«Как же будет жить с ним Алина?» — подумал Клим, взглянув на девушку; она сидела, положив голову на колени Лидии, Лидия, играя косой ее, внимательно слушала.
— Вы, кажется, во многом согласны с Достоевским? — спросил Туробоев. Лютов отшатнулся от него.
— Нет! В чем? Неповинен. Не люблю.
В двери показался Макаров и сердито спросил:
— Владимир, хочешь молока? Холодное.
— Достоевский обольщен каторгой. Что такое его каторга? Парад. Он инспектором на параде, на каторге-то был. И всю жизнь ничего не умел писать, кроме каторжников, а праведный человек у него «Идиот». Народа он не знал, о нем не думал.
Вышел Макаров, подал Лидии стакан молока и сел рядом с нею, громко проворчав:
— А скоро конец этому словотечению? Лютов погрозил ему кулаком.
— Наш народ — самый свободный на земле. Он ничем не связан изнутри. Действительности — не любит. Он — штучки любит, фокусы. Колдунов и чудодеев. Блаженненьких. Он сам такой — блаженненький. Он завтра же может магометанство принять — на пробу. Да, на пробу-с! Может сжечь все свои избы и скопом уйти в пустыни, в пески, искать Опоньское царство.
Туробоев сунул руки в карманы и холодно спросил:
— И — что же, в конце концов?

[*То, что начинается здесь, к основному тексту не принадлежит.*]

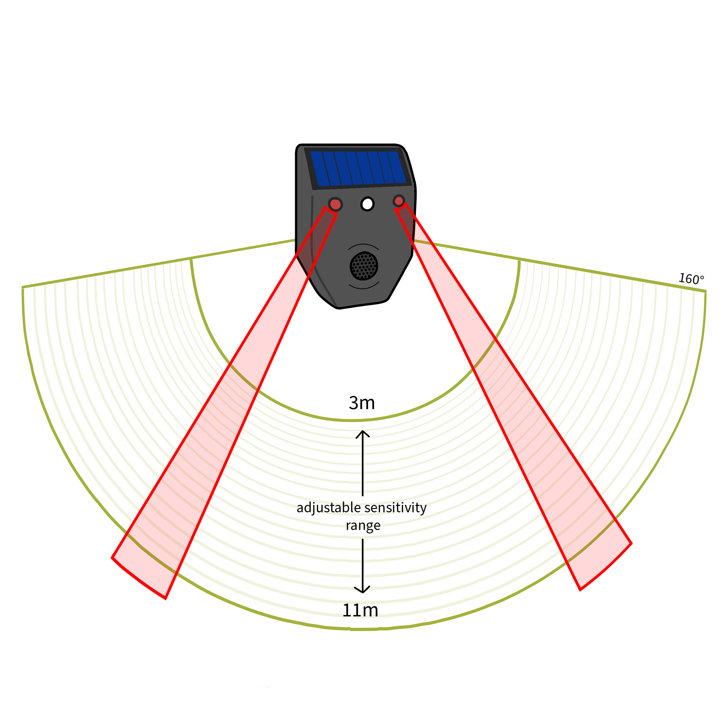 • 105dB sirens and flashing 7500mcd LEDs will deter a variety of wildlife

Лютов оглянулся, очевидно, для того, чтоб привлечь к себе еще больше внимания, и ответил, покачиваясь:
— А — то, что народ хочет свободы, не той, которую ему сулят политики, а такой, какую могли бы дать попы, свободы страшно и всячески согрешить, чтобы испугаться и — присмиреть на триста лет в самом себе. Вот-с! Сделано. Все сделано! Исполнены все грехи. Чисто!
— Странная… теория, — сказал Туробоев, пожимая плечами, и сошел с террасы в ночной сумрак, а отойдя шагов десять, сказал громко:
— Все-таки это — Достоевский. Если не по мыслям, так по духу…

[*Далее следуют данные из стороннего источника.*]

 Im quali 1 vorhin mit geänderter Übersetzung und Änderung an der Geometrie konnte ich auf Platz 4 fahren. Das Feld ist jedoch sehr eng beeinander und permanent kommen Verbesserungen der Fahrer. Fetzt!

Лютов, прищурив раскосые глаза, пробормотал:
— …Живем во исполнение грехов и на погибель соблазнов… Не согрешишь — не покаешься, не покаявшись — не спасешься…
Все молчали, глядя на реку: по черней дороге бесшумно двигалась лодка, на носу ее горел и кудряво дымился светец, черный человек осторожно шевелил веслами, а другой, с длинным шестом в руках, стоял согнувшись у борта и целился шестом в отражение огня на воде; отражение чудесно меняло формы, становясь похожим то на золотую рыбу с множеством плавников, то на глубокую, до дна реки, красную яму, куда человек с шестом хочет прыгнуть, но не решается.
Лютов посмотрел в небо, щедро засеянное звездами, вынул часы и сказал:
— Еще не поздно. Хотите погулять, Алина Марковна?
— Молча — хочу.
— Совершенно молча?
— Могу разрешить армянские анекдоты.
— Что ж? И на этом — спасибо! — сказал Лютов, помогая невесте встать. Она взяла его под руку.
Когда они отошли шагов на тридцать, Лидия тихо сказала:
— Мне его жалко.
Макаров невнятно проворчал что-то, а Клим спросил:
— Почему — жалко?
Лидия не ответила, но Макаров вполголоса сказал:
— Видел — кричит? Это он перекричать себя хочет.
— Не понимаю.
— Ну, чего тут не понимать? Лидия встала.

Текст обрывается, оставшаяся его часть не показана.